Walking into the Fillmore Detroit on Sunday evening, it was hard to immediately determine which show the sold-out crowd was there to see.

With an audience consisting of nearly 3,000 music fans from all walks of life, the rare diversity among concert goers was only made more impressive by the fact that it was a teenager that drew us all into the same room – namely, Miss Ella Yelich-O’Connor.

At 17, O’Connor, better known by her stage name Lorde, is quite literally taking the world by storm, as she fills large venues all over North America on her first-ever international tour. In fact, the young New Zealander set a Fillmore Detroit record when she sold out the entire theater in just five minutes, according to Live Nation (via Freep.com).

And watching Lorde perform live is about as unique as her wide variety of fans.

As she walks on stage dressed in a gothic, flowing black outfit, accented by her lion’s mane of hair, Lorde starts her set alone under a simple spotlight before a curtain drops to reveal her band: a keyboardist and a drummer.

She also incorporates the use of pre-recorded vocal tracks into her songs that work as backup singers, and at any given time, she is essentially harmonizing with three or four versions of herself.

Meanwhile, every lighting effect and screen projection that occurs during the show seems to carry a certain significance for the singer, and it is apparent that the visual elements are meant to synch up to each piece in her 14-song set list, which ranges in sound from electronic to alternative to synth-pop and beyond.

As Lorde moves easily and eerily from one track to the next, most of which were from her debut record Pure Heroine, she touts a level of confidence that’s rarely seen in performers twice her age.

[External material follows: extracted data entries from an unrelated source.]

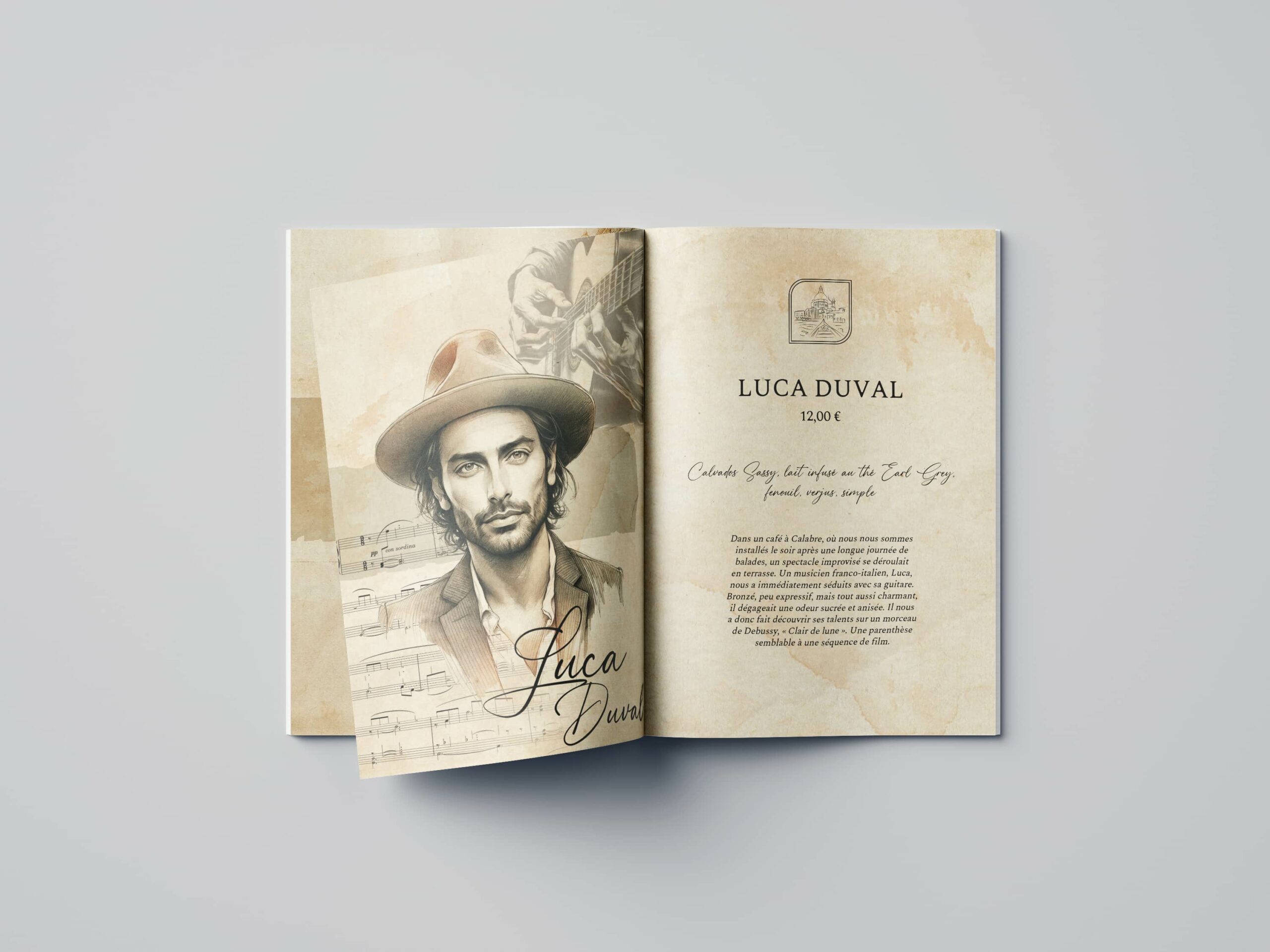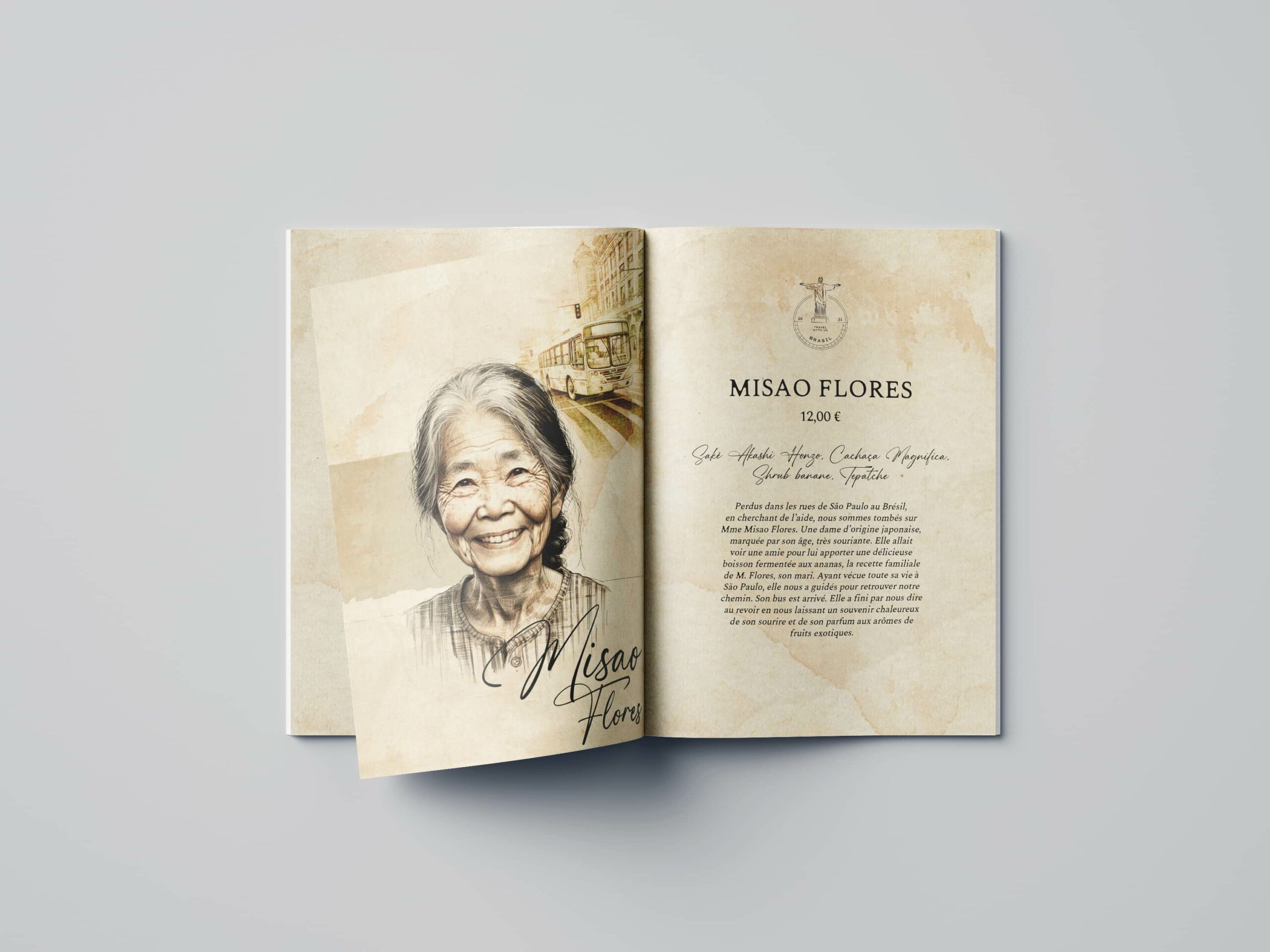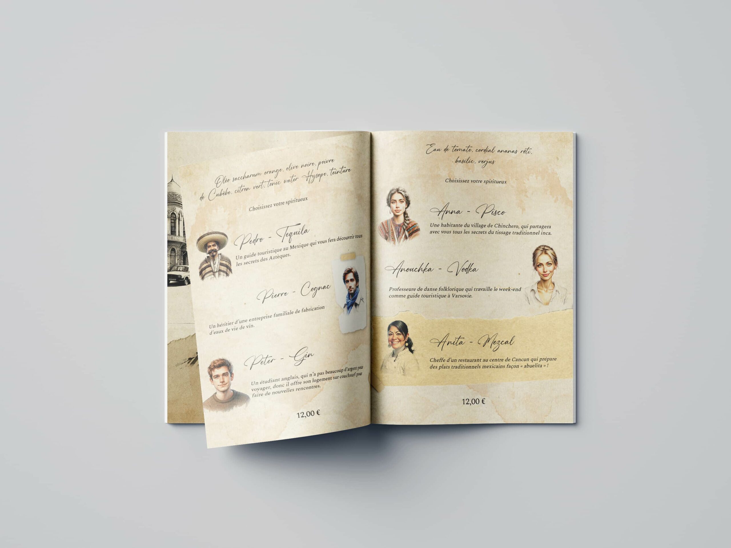 Chaque création est associée à un personnage imaginaire croisé en voyage. Un guide à Mexico, une grand-mère japonaise à São Paulo, un musicien à Calabre ou une cheffe à Lexington… Ces portraits esquissent des récits de vie, de goût et de culture, traduits en alliances liquides surprenantes.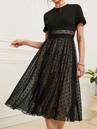 SHEIN Clasi Plus Size Polka Dot Printed Casual Short Sleeve Dress With Round Neck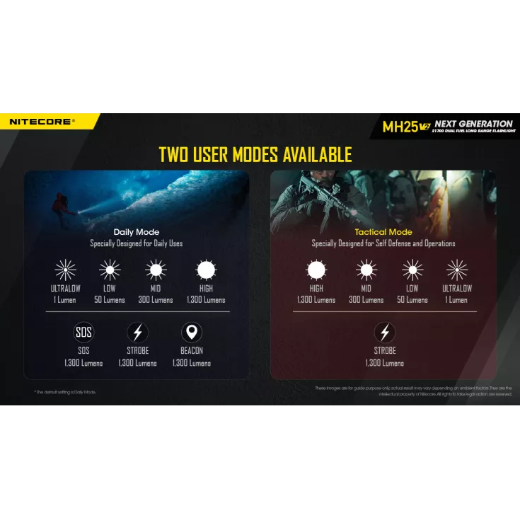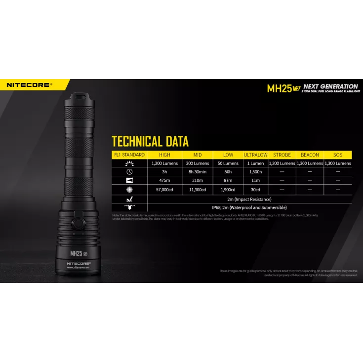 The MH25 V2 has a maximum output of 1300 lumens and a beam distance of 475 meters. The torch is rechargeable using the USB-C cable provided. The torch is also compatible with 18650 and CR123 batteries (available separately). Operation is via dual switch setup with a forward click tactical tail switch with momentary-on functionality and a metal side switch to change brightness. A blue indicator light is built into the side switch and flashes to display the remaining battery voltage.
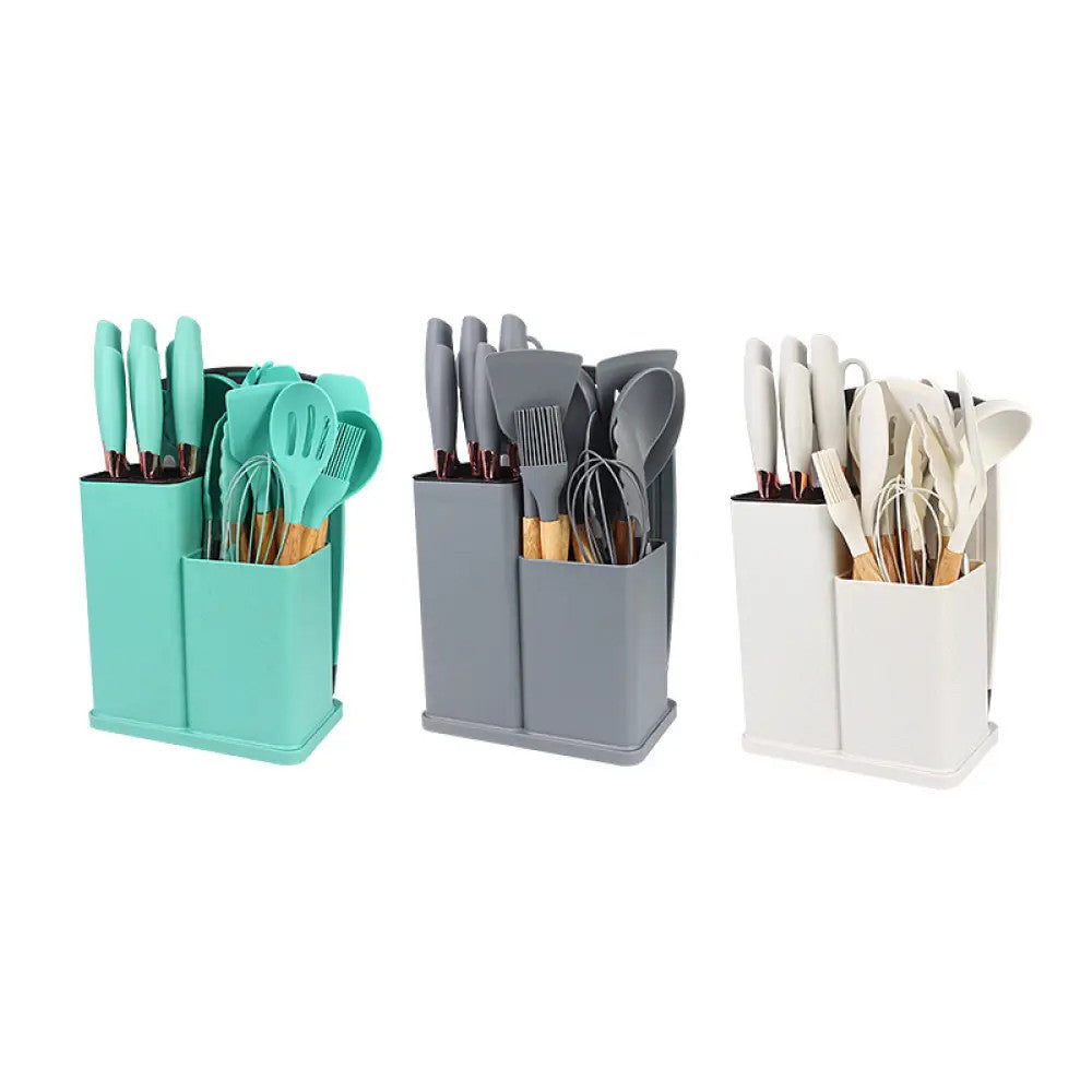 Набір кухонного приладдя з силіконових матеріалів "Kitchen Set" включає 19 різних предметів, необхідних для приготування та подачі їжі. Він містить різноманітні інструменти, такі як лопатка, віночок, різноманітні ножі та дошку для різання, призначені для виконання різноманітних кулінарних завдань.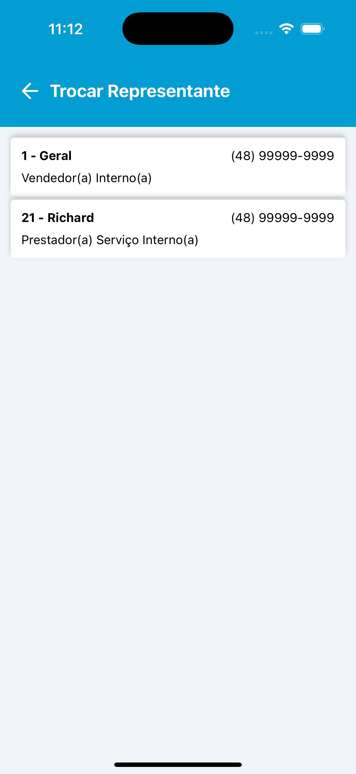 Nesta tela, serão mostrados todas todos os subordinados que estão ligados a você, clicando em um deles será efetuado o login utilizando o cadastro dele.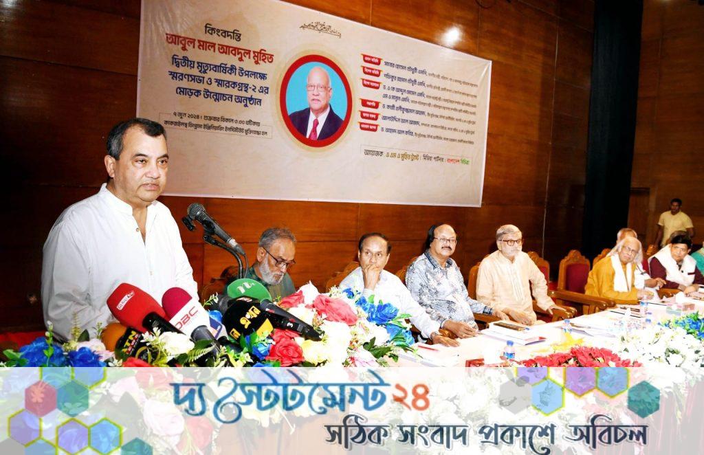 শুক্রবার (৭জুন) সন্ধ্যায় কাকরাইলস্থ ডিপ্লোমা ইঞ্জিনিয়ারিং ইনস্টিটিউটের মুক্তিযোদ্ধা হলে কিংবদন্তি আবুল মাল আবদুল মুহিতের দ্বিতীয় মৃত্যুবার্ষিকী উপলক্ষ্যে স্মরণসভা ও স্মারকগ্রন্থ-২ এর মোড়ক উন্মোচন অনুষ্ঠানে প্রধান অতিথির বক্তব্যে পরিবেশমন্ত্রী এসব কথা বলেন।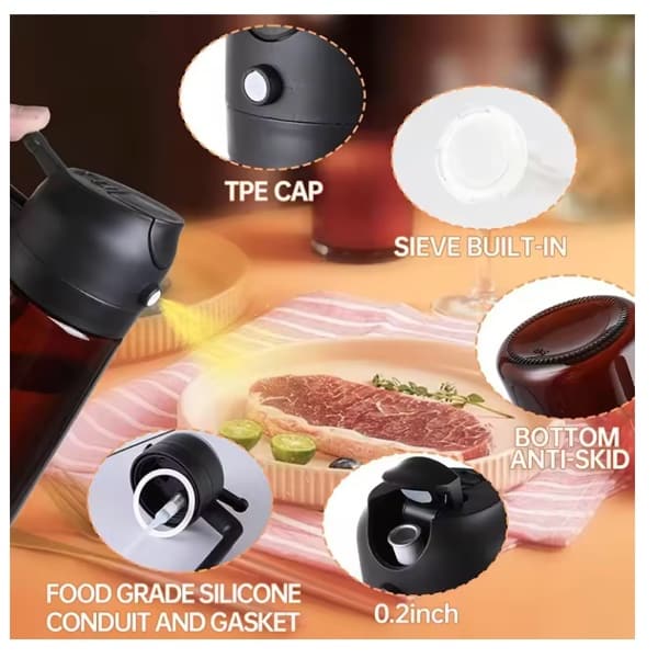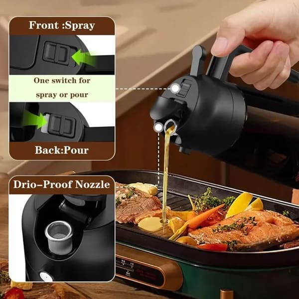 The 2-in-1 pour and spray mechanism makes this oil glass bottle dispenser easy to use for multiple cooking styles. Simply open the buckle to pour a smooth, even stream of oil, or press the spray nozzle to achieve a fine mist—ideal for coating salads, grilling meat, or adding a light touch of oil to your air fryer recipes. After the first use, press several times to remove air from the silica gel tube for an even spray.

Indeed, Lorde seems incredibly at ease on the stage, from drinking what appears to be tea from a ceramic mug, to donning a shiny gold bathrobe, to showing off her own unique brand of spastic dancing that makes one feel like she’s at a rave that’s being held in the privacy of her own bedroom (seriously, when is Lorde-ing going to be the next internet craze?)

As an intro to the atmospheric “Ribs,” the singer told a lengthy story about throwing a crazy house party with her sister and best friend, and how it helped her to step outside of her comfort zone – a place that seems so expansive when she’s performing that it’s hard to believe it exists in her personal life.

Still, there are signs of immaturity in the young singer, as she fails to complete usual concert etiquette like recognizing the members of her two-person backing band – though knowledge of such things will only come with time.

Surprisingly, Lorde’s weakest performance of the evening was her low-energy rendition of “Royals,” which she has called “overplayed” in the past, foreshadowing the fact that there may come a day when the talented teen no longer wants to perform the song that made her a superstar.

The Grammy Award-winner also threw fans for a loop when she basically chose to forgo an encore, instead closing the show rather abruptly.

After playing an epic version of “Team,” complete with an explosion of confetti that rained down over the crowd as pink and white lights flashed so intensely you had to shield your eyes, Lorde returned to perform the much-mellower “A World Alone.”

Then, as a rogue piece of ticker tape floated to the ground, the singer simply left the stage, and on came the houselights.

“Is that all?” a nearby concert goer asked incredulously.

Perhaps for now, but in so many ways, Lorde is just getting started.